And from talking to pro's, I might also suggest that teamwork is the best. Learn how to track your songs, have a different guy do the mix (with different ears and different gear). And a third party for mastering if you get to that level. 

I am just a beginner, but I know guys who went to school for this stuff and get paid for doing it, so that's the basis of my comments (and the basis of my own experiments). 

Lastly, avoid all forums, except this one. 🤣😂😅


----------



## ampaholic (Sep 19, 2006)

How small can a person go with a dedicated recording room? I'm working in a basement family room with guitars hanging on the wall, big TV in the corner and exercise equipment in the middle of the room. DAW and small amount of gear crammed into a corner. Problem is I don't have a lot of extra space to build another room - but I'd like to!


----------



## Merlin (Feb 23, 2009)

ampaholic said:


> How small can a person go with a dedicated recording room? I'm working in a basement family room with guitars hanging on the wall, big TV in the corner and exercise equipment in the middle of the room. DAW and small amount of gear crammed into a corner. Problem is I don't have a lot of extra space to build another room - but I'd like to!

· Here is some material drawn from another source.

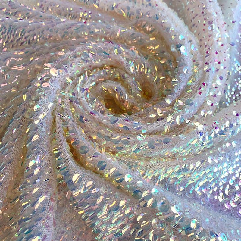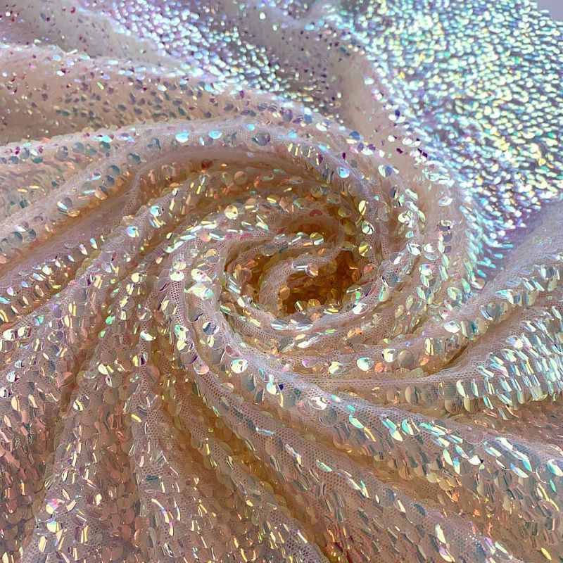Тонкая эластичная сетка абрикосового оттенка по всей поверхности усеяна объемными глянцевыми "бензиновыми" пайетками. Ткань очень хорошо драпируется, красиво переливается, имеет глянцевый блеск, пластичная и эластичная и в длину, и в ширину, набираются объемом. Пайетки — идеальный материал для праздников и вечеринок. Из них получится эффектное платье, жакет, боди, туника, юбка или комбинезон.

I don't have a dedicated recording room, but there are a few spaces where I live that I can put to use. I also have use of a rehearsal space nearby, which works well for recording the music I play. I often track audio in my bedroom, and video in the family room, as I have a greenscreen mounted on my wall.


----------



## tdotrob (Feb 24, 2019)

KapnKrunch said:


> Before you start "treating" your room find out what the problems are. Do the arithmetic. It's easy. And just as vital for monitoring as well as playing and recording.
> 
> Find the room resonances. Built the bass traps to stop the problems at their lowest fundamentals.
> 
> ...


Thanks. I’m looking at my room now and definitely gonna be listening to your advice to figure out the treatment.


----------



## tdotrob (Feb 24, 2019)

KapnKrunch said:


> Best advice so far. The Songwriting Forum is full of talk about virtual knob-twiddling. And then it still sounds like shit.
> 
> "The best EQ is no EQ".
> 
> ...


The first album I ever recorded for my band sounded so shitty after we mixed it. We spent a lot of time getting the recording down and sounding pretty good. We crapped all over the mix. Me and my brother spent so much time mixing and listening. Everytime we thought it was perfect in our mixing room at the time, we’d listen a couple days later again and be confused how it sounds so different now and bad. We were going on tour and didn’t have time to remix and remaster so we pressed our final mixes and went on tour. We got positive feedback but knew it sounded like garbage.

a year later my friend remixed it for fun and made it sound great. He reported that we did a good job recording everything but mixing I think was just way over our heads and after recording everything I think we were burnt out on the songs and just didn’t know enough.

for future stuff I am definitely sending away to a friend for mixing and mastering, I have a few that do great work.


----------



## KapnKrunch (Jul 13, 2016)

Here's a story... from a mastering forum which is frequented by heavy-hitters in the industry (pro's, authors, etc.) 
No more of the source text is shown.